Scouting and Guiding in Alberta has a long history, from the 1900s to the present day, serving thousands of youth in programs that suit the environment in which they live.

==Scouting==

Alberta branch of the Association des Scouts du Canada

Alberta Scouting is administered by two Councils within Scouts Canada: Northern Lights Council in the north (also responsible for the Northwest Territories), and Chinook Council in the south. In general, each council's territory is divided into Areas, and each Area contains sponsored Scouting Groups.

Francophone Scouting groups exist in Calgary and in Edmonton. They are part of the Association des Scouts du Canada.

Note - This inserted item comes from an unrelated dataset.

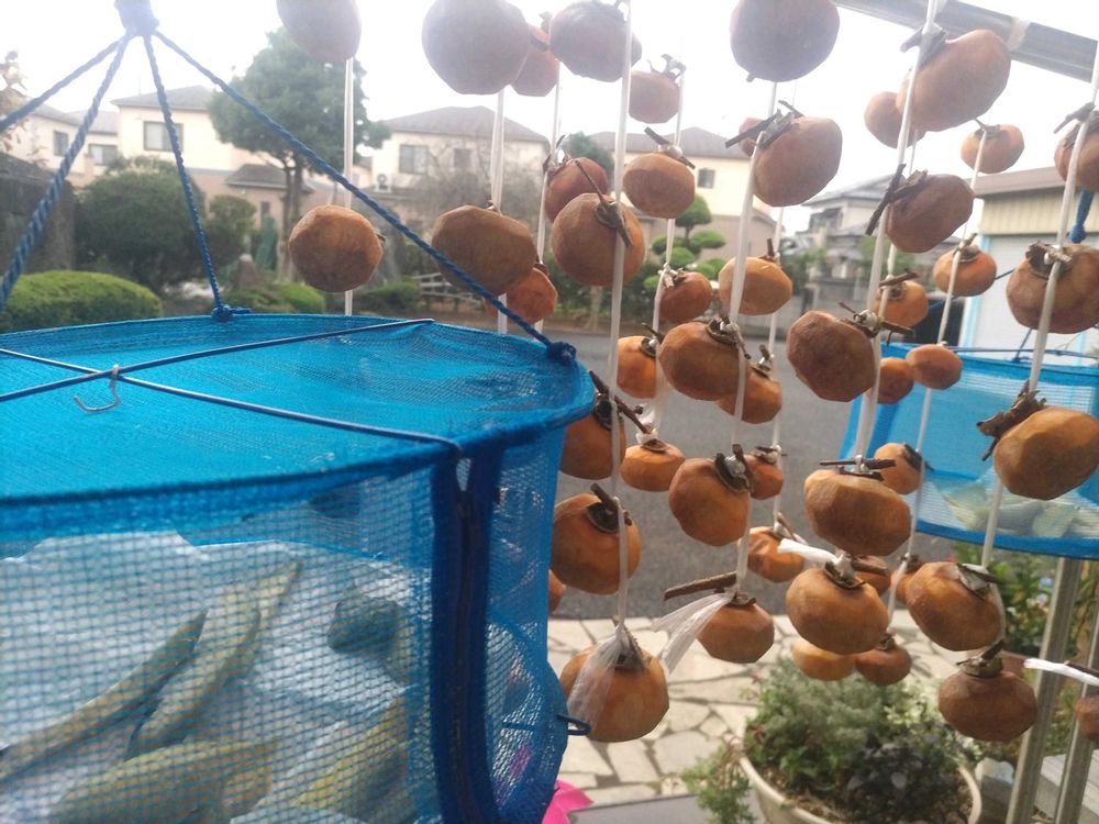 ポインセチア2個で500円でした。高いのもあるけどこれで満足。この上には干し柿と干し芋作りをしています。

In 1983, the 15th World Scout Jamboree was held at Kananaskis Country, an area of Provincial Park 4,000 feet in the foothills of the Rocky Mountains, 80 miles west of Calgary, Alberta. The Spirit Lives On was the theme of the World Jamboree, with a total attendance of over 15,000 Scouts from nearly 100 countries. In 2010 Northern Lights Council introduced a centennial badge commemorating 100 years of scouting in the area.

===Local Groups and sections===

Among Alberta's varied Scouting groups and sections are Adventure Scouting Groups, Ismaili Scouts, and Rover Crews with romantic names like Knights of Dionysus and Knights of the Crimson Cross. In 2009 a Special Needs group, the 88th Polaris, was formed in the Northern Lights Council serving youth with neurological impairments.

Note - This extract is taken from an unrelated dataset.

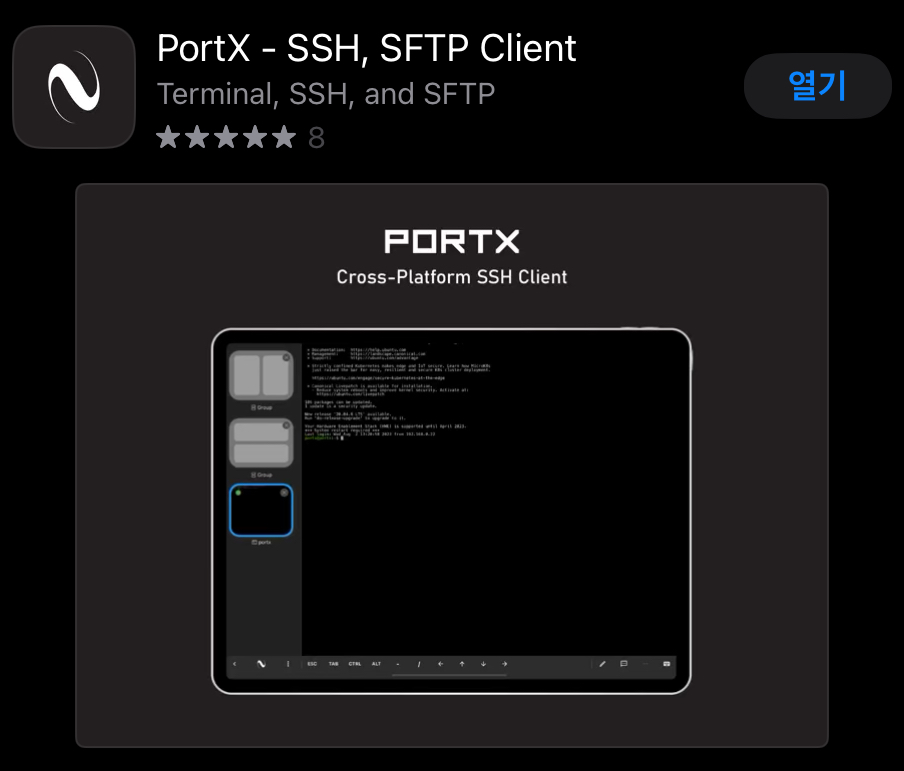 처음 실행하고 어떻게 호스트를 추가하나 좀 당황했는데, 화면 좌측하래 PortX 아이콘을 클릭해서 추가하면 됩니다. 추가한 호스트 이름을 터치해주면 연결이 됩니다.

===Major Scouting events held in Alberta===
In 1981, the 5th Canadian Scout Jamboree was held at Kananaskis, Alberta, with 19,000 in attendance.

In 1993, the 8th Canadian Scout Jamboree was held at Kananaskis, Alberta, with 12,000 in attendance.

In 2005, Northern Lights Council hosted a jamboree at Camp Woods. Chinook Council hosted a joint Alberta-Saskatchewan Brotherhood Jamboree at Camp Impeesa, celebrating the common centennial of the two provinces.

On June 19, 2010 it was announced at the Northern Lights Council Annual Honours and Awards ceremonies, that Camp Woods, near Sylvan Lake, Alberta, would be the location for the 12th Canadian Scout Jamboree to be held in the summer of 2013. Plans currently call for an attendance of 6,000.

From May 1–3, 2015 the 20th Fort Edmonton Scout Camp will be held at Fort Edmonton Park in Edmonton. This is the 20th year this camp is being held at the Fort and features activities themed around the historic time periods portrayed at Fort Edmonton Park. (see also www.fortedcamp.com)

===Camp Impeesa===
Camp Impeesa is Scouts Canada’s high adventure mountain and wilderness experience centre and residential summer camp. Camp Impeesa is located in the Castle Wilderness area in the Rocky Mountains, near Pincher Creek, Alberta.

Camp Impeesa was first founded during the late 1960s with the idea of having a base camp from Scouts to take backpacking trips in the southern Canadian rockies. During the 1970s, the camp became a residential program for Cubs and Scouts.

In 2001, Mike Bingley and other interested Scouters began the process of developing a high adventure camping program at Camp Impeesa. With the help of a dedicated team from around the world, this program became Impeesa Extreme. The program was launched in 2003 with six patrols from as far away as New York City and Chicago. The first summer included the additional challenges of forest fires, including the Okanagan Mountain Fire and Lost Creek Fire which forced the program to move five times.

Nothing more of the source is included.